ভূমিকা
Shiavault - a Vault of Shia Islamic Books Islamic Environmental Stewardship: Nature and Science in the Light of Islamic Philosophy An Islamic Perspective on the Trouble with Modern Science Science is defined today as “the intellectual and practical activity encompassing the systematic study of the structure and behavior of the physical and natural world through observation and experiment.”34 This definition provides a basis for great compatibility between modern science and the Islamic pursuit of knowledge, but with a few caveats.
The physical and natural world to which this definition refers is Islamically known to embody sacred meanings; their studies are therefore welcomed in Islamic circles, but integral as well is the ability to interpret them on higher ground. Modern science’s denial of metaphysics serves as the basis for much disparity between Islam and modern science. This disparity boils down to the great difference between Islam’s recognition of a sacredness in nature and modern science’s denial of it.

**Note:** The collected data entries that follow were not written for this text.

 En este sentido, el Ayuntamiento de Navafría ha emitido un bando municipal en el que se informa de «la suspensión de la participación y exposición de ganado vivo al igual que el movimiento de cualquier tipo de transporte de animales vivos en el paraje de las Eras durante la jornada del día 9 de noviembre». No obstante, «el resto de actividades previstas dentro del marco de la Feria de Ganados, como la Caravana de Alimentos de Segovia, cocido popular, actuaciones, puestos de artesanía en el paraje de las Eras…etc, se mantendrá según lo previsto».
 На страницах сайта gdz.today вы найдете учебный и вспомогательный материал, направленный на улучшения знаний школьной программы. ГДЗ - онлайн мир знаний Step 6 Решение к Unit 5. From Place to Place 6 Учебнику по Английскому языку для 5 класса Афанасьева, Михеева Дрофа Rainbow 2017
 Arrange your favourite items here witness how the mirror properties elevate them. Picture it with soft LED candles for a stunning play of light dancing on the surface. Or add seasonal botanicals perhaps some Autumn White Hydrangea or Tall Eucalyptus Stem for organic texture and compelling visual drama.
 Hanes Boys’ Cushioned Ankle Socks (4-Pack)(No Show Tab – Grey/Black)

The secular approach of modern science to nature has removed virtually all understanding of the sacred qualities behind it. Unlike modern scientists, the traditional scientists of old integrated theological ontology into their holistic approach to studying nature and thus regarded the study of such sacred qualities as the backbone of their work.

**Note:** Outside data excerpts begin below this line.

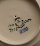 Kgl. 1010 Fensmark : Cremefarvet glasur, koralrød blomst med grønne blade, grønt bånd og guldfilet. Dekorationen med Rød Arve, populært kaldet "Grine til Middag" Det latinske navn: Ana Gallis Arvensis. Design Thorkild Olsen før 1961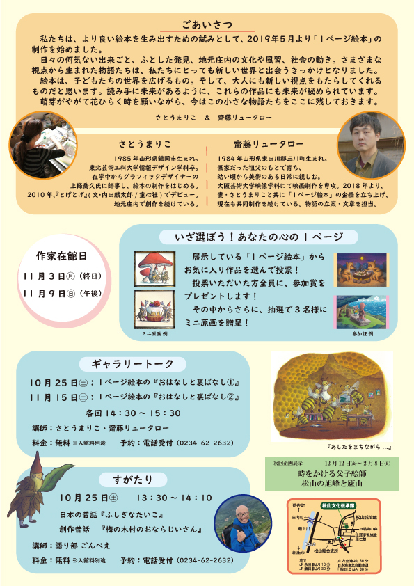 内容 | 庄内の絵本作家:さとうまりこ氏が絵を担当し、齋藤リュータロー氏が文章を考えて制作している1ページ絵本。1つ1つの作品に唯一無二の世界があり、登場人物も紡がれる物語も1つとして同じものはありません。 さとうまりこ氏の描く優しくあたたかくも小ネタ満載の絵。齋藤リュータロー氏の書くクスッと笑える文。コミカルで可愛らしく、独特の世界観を持つ「1ページ」の絵本、全57点をどうぞお楽しみください。 ※月曜日休館/月曜日祝日の場合は開館し、翌火曜日休館 <関連イベント> ①投票イベント【いざ選ぼう!あなたの心の1ページ】 内容:展示している57作品の中から、あなたのお気に入りの1ページ絵本を1つ選んで投票しよう!投票いただいた方には参加賞あり。さらに投票者の中から抽選で3名様にさとうまりこ氏手描きのミニ原画をプレゼントいたします。 費用:入館料のみ ②作家ギャラリートーク 日時:10月25日㊏/11月15日㊏ 両日ともに14:30~15:30 費用:入館料のみ 予約:電話受付(0234-62-2632) ③語り部ごんべぇの「すがたり」 日時:10月25日㊏ 13:30~14:10 費用:入館料のみ ④作家 在館日 日時:11月3日㈪㈷-終日/11月9日㈰-午後 ⑤ホットほっとコンサート 日時:11月24日㈪㈷ 14時~ 費用:入館料のみ |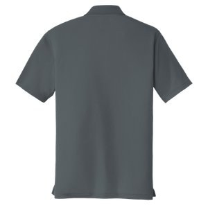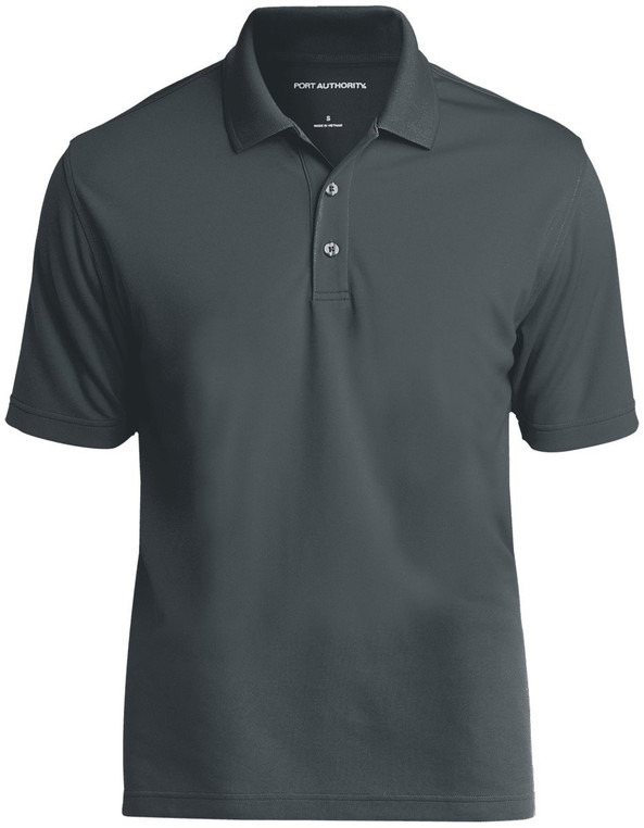 Flat knit collar; 3-button placket with pearlized, dyed-to-match buttons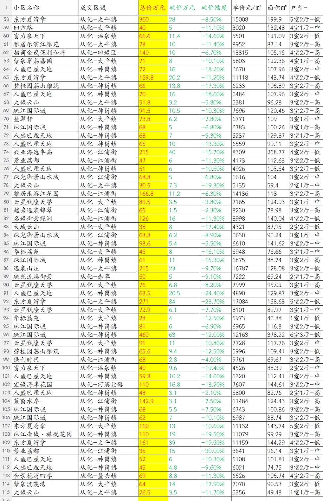 【广州楼市深度观察】从化本次数据共覆盖115套成交房源,成交数据详情在最后。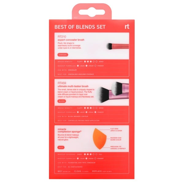 Usa la Expert Concealer Brush para construir cobertura líquida o en crema debajo de los ojos o sobre imperfecciones. La Ultimate Multi-Tasker Brush de doble punta difumina productos en crema o líquidos por un lado y polvos por el otro. Finaliza con la Miracle Complexion Sponge para aplicar a toquecitos y difuminar fórmulas líquidas o en crema, logrando un acabado natural y sin marcas. Cada herramienta del set ofrece alto rendimiento y facilidad de uso.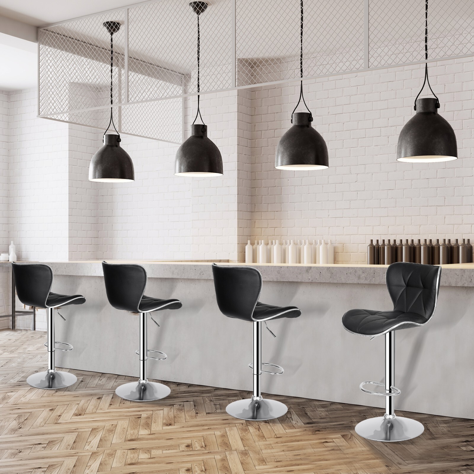 PU leather Bar Stools Set of 4 w/Shell Back Adjustable Height Steel Frame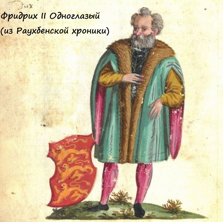 В 1122 г. в семье герцога юго-западной немецкой области Швабия Фридриха Одноглазого в монастыре Вайнгартен родился сын, который, как и его отец, был назван Фридрихом. Фридрих Одноглазый был родным братом короля Германии Конрада III — основателя династии Гогенштауфенов. В то время Священная Римская империя переживала времена очередных смут. Конрад III исполнял функции ее фактического светского правителя, однако из-за упорных разногласий с папским престолом так и не надел официально императорскую корону. Фридрих — сын Фридриха Одноглазого, вырос здоровым, физически сильным и умным аристократом, производившим приятное впечатление на тех, с кем ему доводилось общаться. Его отличали целеустремленность и упорство, нелюбовь к праздности и безделью. Он всегда стремился участвовать в любых трудных и рискованных делах. Старательно он исполнял предписания христианской религии. В то же время при внешнем обаянии Фридрих-младший отличался и весьма крутым по отношению к своим противникам нравом. Всяк
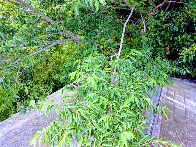 回りが林になっていて、屋根に覆いかぶさる様に木が生えています。これも建物には良くない状態で、樹液で屋根材が傷んでしまい、枝が揺れて屋根にぶつかる事で破損させる危険もあります。今回、川崎市高津区の空き家の調査結果は、小屋裏と屋根の上から傷みの状態を見て、葺き替え工事のご提案です。屋根材のスレート自体も反りや割れが酷く、下地の野地板にも腐食が見られますので、屋根材を剥がして下地をしっかりと直す必要があります。屋根の状態は、屋根の上からと小屋裏から細かく調査をおこなって、常に皆様の建物にとって適切な工事のご提案をさせていただきます。

Before this desacralization of nature, a “vision of God in nature” seemed the norm of viewing the world.35 The grave ramifications of this change in approach are evident in the world today, and especially so in the environmental crisis. Since the divorce of science and sacred tradition, the need to know God no longer served as the impetus behind scientific studies.
Before this divorce, the philosophy of science was that of oneness (tawḥīd).36 The traditional sciences of all sacred traditions were unified on certain fundamental principles, and one such principle was the recognition of a hierarchy of reality.37 All such levels of hierarchy alluded to the reality of God as the Real, as well as His supreme and ultimate oneness as the One ( al-Wāḥid ).
In the separation of science and sacred tradition, there was a transformation of ideology from the assertion of oneness to the making of many (takthīr)-the very antithesis of tawḥīd.38 Everything that was seen for its reference to the supreme oneness of God became a separate entity and a “god” of its own.